Last week, the Energy Secretary made headlines when he seemed to say the Administration’s goal is not to lower gas prices.

Considering the goal is not to lower gas prices, this may be the first time that the Administration’s energy policies match the rhetoric.  

Despite the President’s rhetoric about the need for increased domestic production of fossil fuels, to date his Administration has seemingly done everything it can to block production.

But the purpose of these remarks is to highlight not the administration’s statements but instead their policies.

Let’s look at the record, starting with some positive things that happened just before President Obama took office, and continuing through 2012 to present day.
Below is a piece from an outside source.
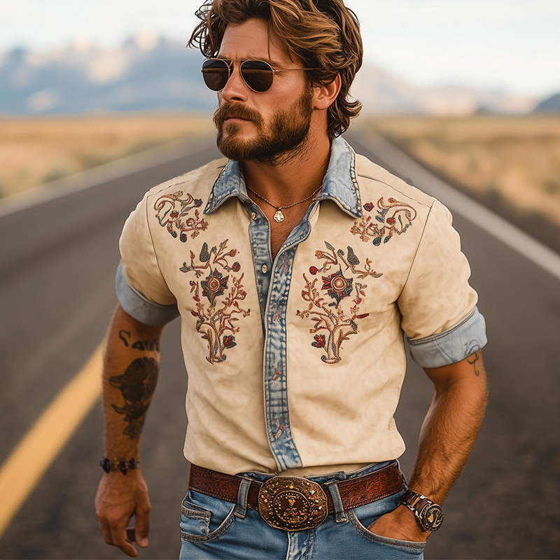 Men's Retro Western Cowboy Shirt | Summer Style | Denim & Suede Stitching | Embroidery Accents | Short-Sleeve Casual Shirt | Lightweight & Breathable | Versatile Outfit

At the peak of the 2008 gas price spike, President George Bush removed 18 years of Presidential executive orders restricting offshore oil and gas energy development.  In removing this restriction not one additional barrel was drilled but a massage was sent to the market.  A stong message to the market that America finally recognizes that the taxpayers owned assets in oil and is willing to use them.  What a message that would be if we sent a similar message today. Back in 2008 that’s when we began to see this drop begin to start.

In September of 2008, Congress allowed its 26 year ban on offshore drilling to expire.  Prices at the pump dropped dramatically soon after.
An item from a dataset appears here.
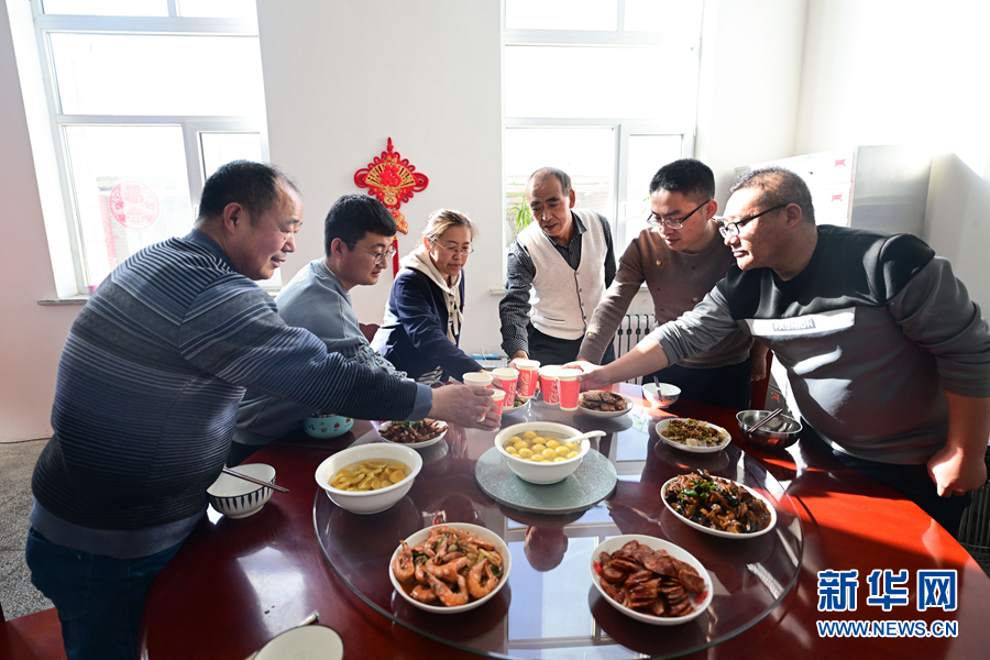 2月5日,在青藏集團(tuán)有限公司西寧供電段格爾木檢修車間,王永忠與同事們舉杯慶祝元宵節(jié)。新華社記者 張龍 攝

Then President Obama Took Office.

In February of 2009, the Administration rescinded oil shale lease plans put in place during the Bush administration to aid production of oil on U.S. government lands.
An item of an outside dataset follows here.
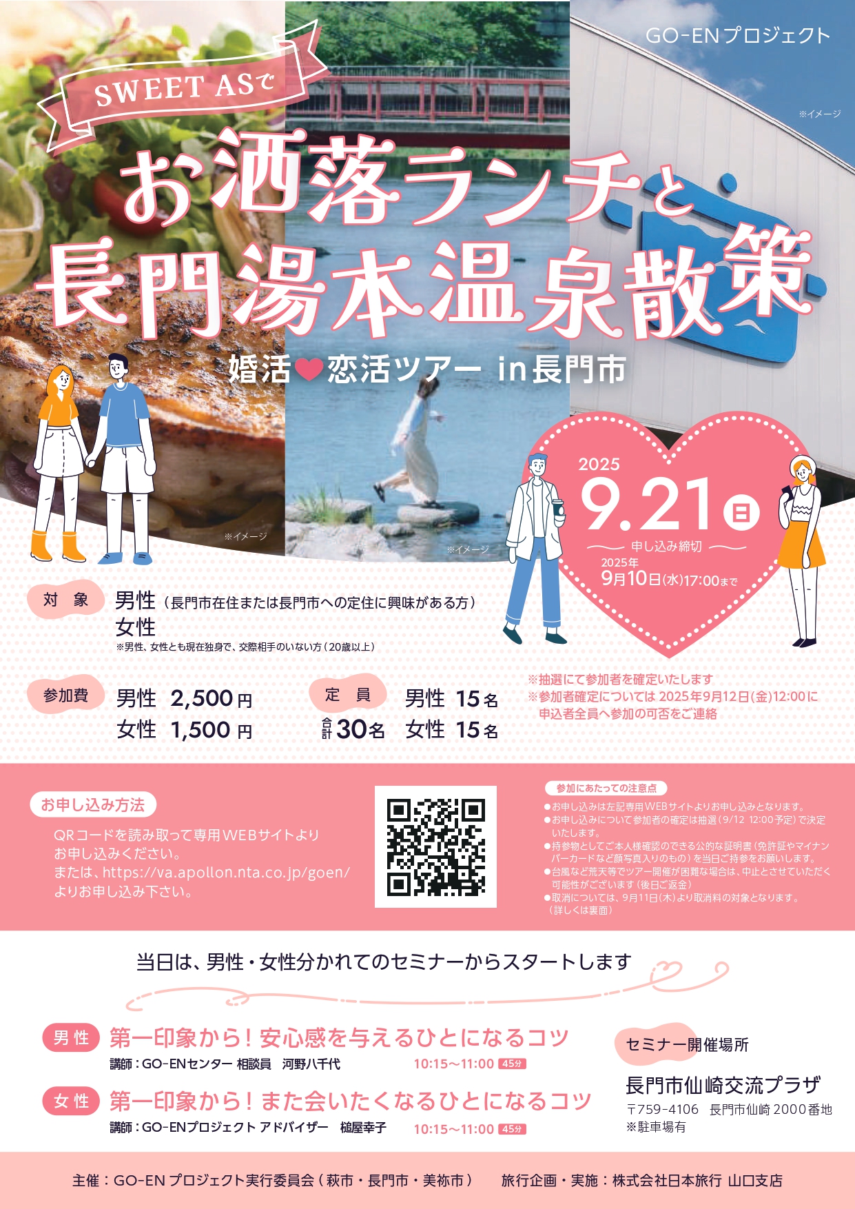 【要申込】「SWEET ASでお洒落ランチと長門湯本温泉散策」婚活恋活ツアー in 長門市

In June of 2010, House Democrats’ passed a cap and trade national energy tax, which would have dramatically increased gasoline prices.

In November of 2009, the Administration unilaterally shortened lease terms on some OCS leases.  This policy not only discouraged oil and natural gas production but also decreased much needed government revenues.

In March of 2010, the Administration canceled the remaining lease sales in seas off the Alaska coast, eliminating development of reserves that the government estimates could be as large as 65 billion barrels of oil.  

In May of 2010, the administration canceled the Virginia offshore lease sale, which had bipartisan support from the VA governor and the VA congressional delegation.

The administration also canceled the remaining 2010 Gulf of Mexico lease sales.

In December of 2010, the Administration extended the moratorium on leasing off the Atlantic and Eastern Gulf of Mexico through 2017.

In January of 2012, the President Rejected Keystone XL pipeline.  Estimates show the Keystone XL pipeline would add 1.1 million barrels a day of friendly Canadian oil to our Gulf of Mexico refineries.  

Moving forward with a credible energy policy can only be achieved if we all have a shared understanding of the facts. Global demand for oil is increasingly driven by the developing economies such as China and India. In the U.S., our demand is down 6% year over year, and prices are still skyrocketing. It’s going to stay that way.  Eighty-five percent of the world's energy consumption comes from hydrocarbons – oil, coal and natural gas. While renewable energy is needed and new consumption efficiencies should be encouraged to meet future energy demand, hydrocarbons will be the dominant source of fuel for the world's economy for many decades to come.  

No one can deny that before we can create an energy supply that is substantially more diversified, we’re going to need more fossil fuels to get us there. We’re not running out of Natural Gas. In 2000, shale gas represented just 1 percent of American natural gas supplies. Today, it is 30 percent and rising.   We are not running out of oil. Former CEO of Shell John Hofmeister stated last week on State of the Union, “We use 20 million barrels a day every day in a full economy in this country. We only produce 7. We used to produce 10. Let’s go back to 10. We know how to produce 10. We have the oil to produce 10 for decades to come.”

Unfortunately, this Administration is preventing the U.S. from developing additional energy supplies to meet our demand. As a result, families are struggling with rising energy costs and higher gas prices at the pump.